Comment

Not the final word from Islamabad and Delhi

The publication of the International Court of Justice’s award in the Kulbhushan Jadhav case on July 17, 2019 was heralded by both India and Pakistan as a victory to their side; the truth probably lies somewhere in between. The award vindicated India’s claims on merit, concurring that Pakistan was guilty of multiple violations of the Vienna Convention on Consular Relations (VCCR): by failing to inform Mr. Jadhav of his rights under Article 36 of the treaty, by neglecting to notify India of his arrest without delay, and by denying him consular access. Nonetheless, the ICJ rejected India’s claims on two crucial grounds: fair trial rights and remedy.

The bedrock

Much of India’s case hinged on Article 14 of the International Covenant on Civil and Political Rights (ICCPR), which guarantees individuals the right to a fair trial. By convicting Mr. Jadhav through a military tribunal, using video evidence of a confession obtained under coercive circumstances, and by denying Indian consular officers the opportunity to arrange for his legal representation, India argued that the Pakistani state had employed an unjust procedure in his trial. Predictably, however, the ICJ chose to hinge its jurisdiction in this case on Article 1 of the Optional Protocol to the VCCR, which grants the ICJ compulsory jurisdiction only over disputes arising out of the application or interpretation of the Consular Convention. The unfortunate consequence of this choice was that disputes pertaining to violations of other international law norms, such as the human rights obligations under the ICCPR, were ruled to be outside the remit of the ICJ’s jurisdiction. India’s attempts to have the ICCPR piggyback on the VCCR, by claiming that the latter was also, in essence, a human rights treaty and by asserting that the inclusion of the ICCPR was necessary for an effective remedy, were rejected out of hand.

Issue of remedies

The more troubling aspect of the ICJ’s award, from the Indian perspective, concerns the ICJ’s decision on remedies. It denied India’s prayer to set aside Mr. Jadhav’s conviction by the military tribunal, and for his release. Instead, it ruled that the appropriate remedy would be for Pakistan to carry out an “effective review and reconsideration” of the tribunal’s conviction and sentence. What this means, in simpler terms, is that Pakistan will have to provide Mr. Jadhav a judicial mechanism to assess the prejudice caused to him by a denial of consular access, and to reconsider (and possibly alter) his sentence and conviction based on its findings.

While not entirely unforeseeable, this decision is worrying for several reasons. First, this remedy carries a fraught history: it has only ever been used before by the ICJ in LaGrand and Avena, which involved an identical denial of consular access to nationals of Germany and Mexico, respectively, by the United States.
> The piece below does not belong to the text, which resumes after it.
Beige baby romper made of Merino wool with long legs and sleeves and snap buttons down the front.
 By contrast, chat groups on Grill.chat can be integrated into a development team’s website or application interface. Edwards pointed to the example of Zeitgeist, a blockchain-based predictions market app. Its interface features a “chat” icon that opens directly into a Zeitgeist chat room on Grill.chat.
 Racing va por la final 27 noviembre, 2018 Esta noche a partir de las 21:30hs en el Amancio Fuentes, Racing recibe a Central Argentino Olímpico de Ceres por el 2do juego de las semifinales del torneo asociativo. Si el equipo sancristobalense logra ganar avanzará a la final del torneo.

Crucially, the unsatisfactory implementation of this remedy and the weak review mechanisms provided by the U.S. in response to the ICJ’s decision in both cases have been widely noted in academic literature. Second, the remedy does little to account for the violation of Mr. Jadhav’s fair trial rights. This means that the review procedure Pakistan opts for might well be one carried out by a military tribunal, and also one that continues to rely on the allegedly-forced video confession. But perhaps the most troubling aspect of this remedy, and the one that makes it most ripe for further litigation, is that it is intrinsically ambiguous.
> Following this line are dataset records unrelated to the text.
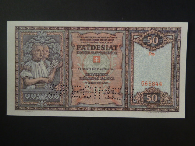 50 Ks 1940 série Do perf. SPECIMEN dole
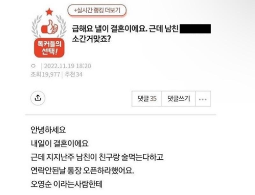 낼 결혼식인데 남친 ㅇㅅ 간거같아요
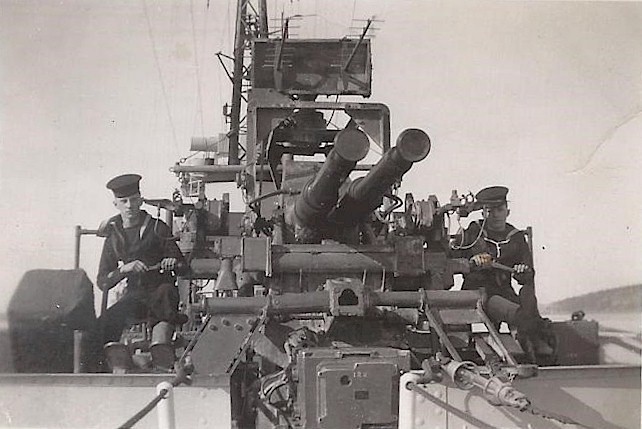 (CRS005) Cadets Robert Rice (left) and Jack Cummer (right) on the twin bofors on HMCS CRESCENT, 03 Sep 1946 // From the collection of Robert Rice // Courtesy of J.D. Ford (CRS006) Cadet Robert Rice leaning on the gun barrel on HMCS CRESCENT, 03 Sep 1946 // From the collection of Robert Rice // Courtesy of J.D. Ford (CRS007) HMCS UGANDA joins HMCS WARRIOR and HMCS CRESCENT of Acapulco Bay // Halifax Mail, Wed. 27 Nov 1946 // Courtesy of George Newbury (CRS008) ERAs on HMCS CRESCENT 1947 // Ken Copeland, Chris Pepper, Doug Tyre, Dennis Tompkins, Hank Evans, Lawrence (Peck) Houghton, Tom Blyth // Source: Chief and POs Association, Esquimalt newsletter // Courtesy of Steve Hlasny (CRS009) HMCS CRESCENT - 1948 // From the collection of Tom Smith, C2ET, RCN
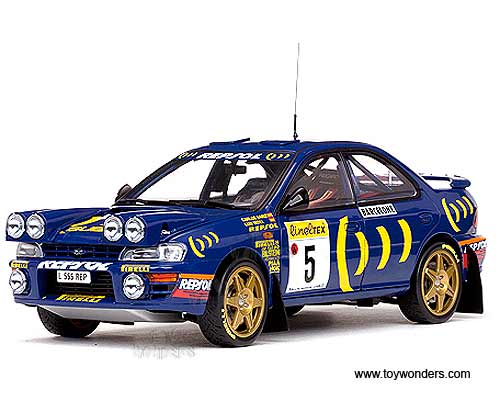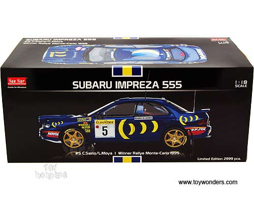 5503 Sun Star Classic Rally - Subaru Impreza 555 #5 C.Sainz/ L.Moya (Winner Rallye Monte-Carlo 1995). 1:18 scale diecast collectible model car. This Subaru Impreza racing car is a 9.25"L x 3.25"W x 2.75"H die-cast metal car with openable doors, hood & trunk. Sits on a display plaque. This Subaru Impreza is manufactured by Sunstar. Limited edition 1 of 2999 pcs. Individually packed in a window box. Box size: 14"L x 6.5"W x 6"H.
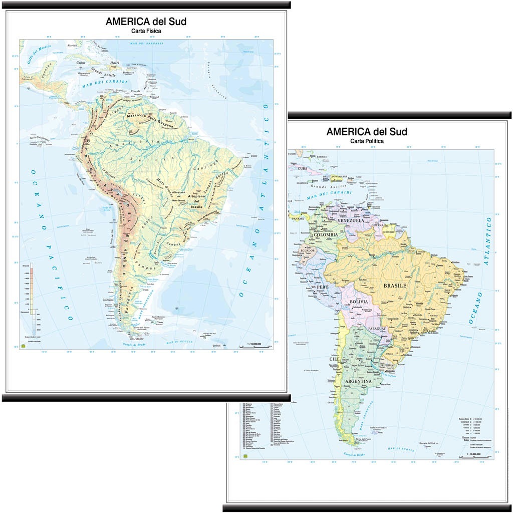 Carta murale scolastica di grande formato fisico-politica stampata su entrambi i lati. La carta politica rappresenta con chiarezza la suddivisione amministrativa utilizzando diversi colori per l'individuazione degli stati e grandi caratteri ben leggibili per i toponimi. Sono indicati i nomi degli stati, delle regioni, delle capitali e delle principali città con una chiara indicazione del numero di abitanti (suddivisione a fasce). La carta fisica rappresenta tutta l'idrografia e l'orografia con l'utilizzo di tinte per le quote altimetriche e gradazioni di azzurro per le batimetrie. Sono indicati i nomi dei monti, delle catene montuose, delle regioni fisiche, delle valli, pianure, altopiani e depressioni. Plastificatura opaca antiriflesso (ottima leggibilità in ogni condizione di luce). Montata con aste di sostegno in plastica e confezionata in tubo di cartone o plastica per la spedizione.
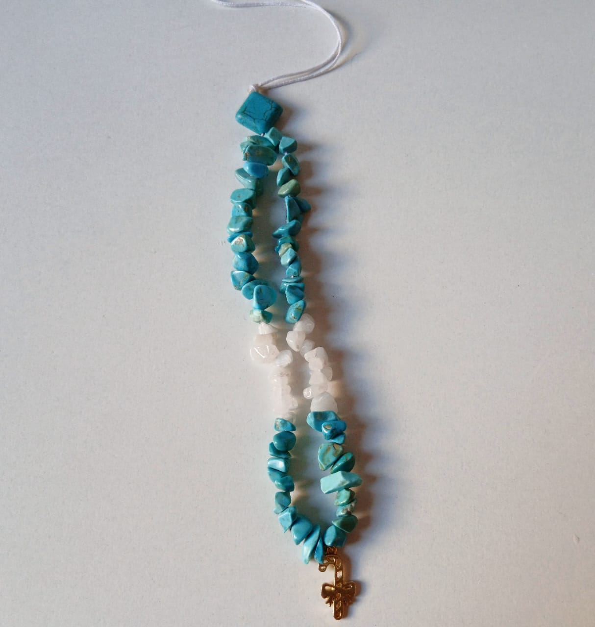 Mobile chain made of turquoise and white chip stone beads with a xmas stick pendant

Apart from asserting that the review and reconsideration of Mr. Jadhav’s conviction “must be effective”, the ICJ has offered little guidance on how it must be carried out. It is known, from the Avena judgment, that providing Mr. Jadhav access to a clemency petition (as Pakistani law does) is an insufficient form of review, since it does not entail the use of a judicial mechanism. The Pakistani Supreme Court, in Said Zaman Khan v. Federation of Pakistan, ruled that the state’s civilian courts could only review the decision of a military tribunal on the narrow grounds of coram non judice (i.e., an absence of jurisdiction) or mala fides (bad faith). It is unlikely that Mr. Jadhav’s denial of VCCR rights falls under either category. However, the decision in Said Zaman Khan is under review, following the Peshawar High Court’s attempts to widen it in 2018, in the Abdur Rashid case.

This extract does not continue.